El-Dabaa nuclear plant unlikely to cause environmental damage: experts

Daily News Egypt
5 Min Read
In a statement following the signing of El-Dabaa nuclear station agreement, President Abdel Fattah Al-Sisi stressed that establishing El-Dabaa nuclear station for peaceful uses is hopeful and a message for Egypt and marks the confirmation of the and strategic relations between Egypt and Russia.

By Toqa Ezzidin

In a statement following the signing of El-Dabaa nuclear station agreement, President Abdel Fattah Al-Sisi stressed that establishing El-Dabaa nuclear station for peaceful uses is hopeful and a message for Egypt and marks the confirmation of the and strategic relations between Egypt and Russia.

Egyptian presidency spokesperson Alaa Youssef said Russian energy agency Rosatom, the Egyptian organisation for nuclear plants, and Russia’s atomic energy agency signed an agreement Tuesday for El-Dabaa nuclear plant, adding that this project will help Egypt solve its lack of energy sources.

Contrary to popular belief, solar energy is rather expensive and using nuclear energy instead will be significantly lower in cost, nuclear chemistry professor in Helwan University Abdel-Hakim Kandeel told Daily News Egypt.

“The nuclear reactors will be preserved in a building with 1.2 metre thickness to prevent any leaked radiation,” he said. This project will generate new work opportunities and will increase tourism, which is what happened when the High Dam in Aswan was built.

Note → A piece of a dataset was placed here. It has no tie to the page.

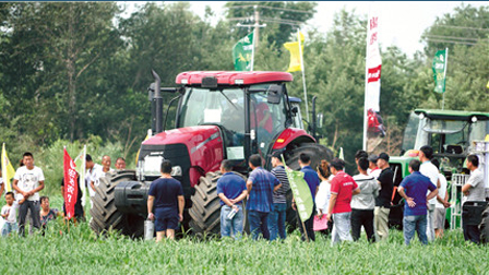 作為農(nóng)機(jī)行業(yè)知名品牌,凱斯為本次田間日準(zhǔn)備了專為國內(nèi)用戶設(shè)計(jì)、在玉米和小麥?zhǔn)斋@均有較好表現(xiàn)的軸流滾筒聯(lián)合收割機(jī)及用戶聯(lián)合整地和耕整地作業(yè)的大馬力拖拉機(jī),為當(dāng)?shù)赜脩魩韯?dòng)力機(jī)械及收獲機(jī)械選擇。據(jù)介紹,該公司軸流滾筒聯(lián)合收割機(jī)突破了傳統(tǒng)收割機(jī)只能收獲單一作物的局限,通過更換不同的部件,配置相應(yīng)的割臺,可以收割玉米、小麥、水稻、大豆、油菜等多種作物。而拖拉機(jī)能實(shí)現(xiàn)不同作業(yè)條件下自動(dòng)調(diào)節(jié)檔位,既適用于深松、犁地、聯(lián)合整地等重負(fù)荷作業(yè),又可進(jìn)行播種、中耕、噴藥等輕負(fù)荷作業(yè)。

Kandeel said this project was supposed to be executed during the late president Gamal Abdel Nasser’s regime and if it were established, it would have brought in around $200bn.

Former nuclear power head Ezzat Abdel Aziz told Daily News Egypt this power plant has no damage whatsoever and its establishment is currently quite important.

“The non-renewable resources we are relying on now are causing damage to the environment because coal and petrol energy release carbon dioxide in huge amounts,” he said.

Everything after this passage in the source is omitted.